• [Work required]:
Verbatim output, no pictures: the lines from the beginning of the material through the line with "38.28. В кулачковом", both ends kept.

---------- Collected material

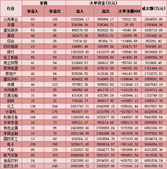 二、周一(3月8日)申萬一級行業(yè)大單資金流向
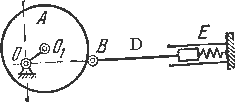 38.28. В кулачковом механизме, расположенном в горизонтальной плоскости, эксцентрик А приводит в возратно-поступательное движение ролик В со штангой D. Пружина Е, соединенная со штангой, обеспечивает постоянный контакт ролика с эксцентриком. Масса эксцентрика равна М, эксцентриситет e ранен половине его радиуса; коэффициент упругости пружины равен с. При крайнем левом положении штанги пружина не напряжена. Какую угловую скорость надо сообщить эксцентрику для того, чтобы он переместил штангу D из крайнего левого в крайнее правое положение? Массой ролика, штанги и пружины пренебречь. Эксцентрик считать однородным круглым диском.
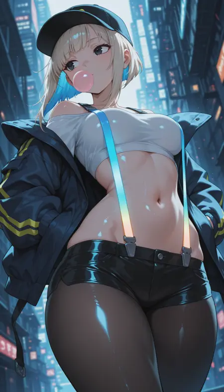 masterpiece, best quality, amazing quality, 4k, very aesthetic, high resolution, ultra-detailed, absurdres, newest, scenery, colorful, saturated, anime, anime coloring, very awa, 1girl, oversized baseball cap, platinum blonde hair, blue inner hair, inverted bob, long sidelocks, floating hair, black eyes, looking away, chewing gum, medium breasts, dark blue open jacket, off-shoulder, crop top white shirt, (glowing suspenders:1.3), midriff, navel, wide hips, huge butt, thick thighs, skindentation (lowleg:1.2) black latex short shorts, hip bones, hip dips, black pantyhose, hands in jacket pockets, walking, arched back, twisty pose, head tilt, wide shot, cowboy shot, from below, dutch angle, dynamic, foreshortening, face focus, fine fabric emphasis, shiny skin, cyberpunk, neon backlighting, dark, BREAK, depth of field, volumetric lighting
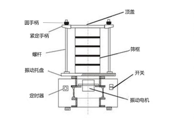 檢驗(yàn)篩主是以立式振動(dòng)電機(jī)作為整個(gè)電機(jī)的激振源,通過振動(dòng)電機(jī)帶動(dòng)上部振動(dòng)盤振動(dòng),再通過振動(dòng)盤傳導(dǎo)至安放在振動(dòng)盤上部的篩框上,然后由需要檢測目數(shù)的篩框把小于篩網(wǎng)口孔徑的物料顆粒篩分至下層篩框,如此層層篩選,使每一層檢驗(yàn)篩內(nèi)只留相同粒度的物料,達(dá)到不同粒度的分離并確定此物料的粒度組成,使篩框中的物料能夠達(dá)到非常有效的過濾,分級(jí),篩分的目的。

--------------------

• [Completed exercise]:
 二、周一(3月8日)申萬一級行業(yè)大單資金流向
 38.28. В кулачковом механизме, расположенном в горизонтальной плоскости, эксцентрик А приводит в возратно-поступательное движение ролик В со штангой D. Пружина Е, соединенная со штангой, обеспечивает постоянный контакт ролика с эксцентриком. Масса эксцентрика равна М, эксцентриситет e ранен половине его радиуса; коэффициент упругости пружины равен с. При крайнем левом положении штанги пружина не напряжена. Какую угловую скорость надо сообщить эксцентрику для того, чтобы он переместил штангу D из крайнего левого в крайнее правое положение? Массой ролика, штанги и пружины пренебречь. Эксцентрик считать однородным круглым диском.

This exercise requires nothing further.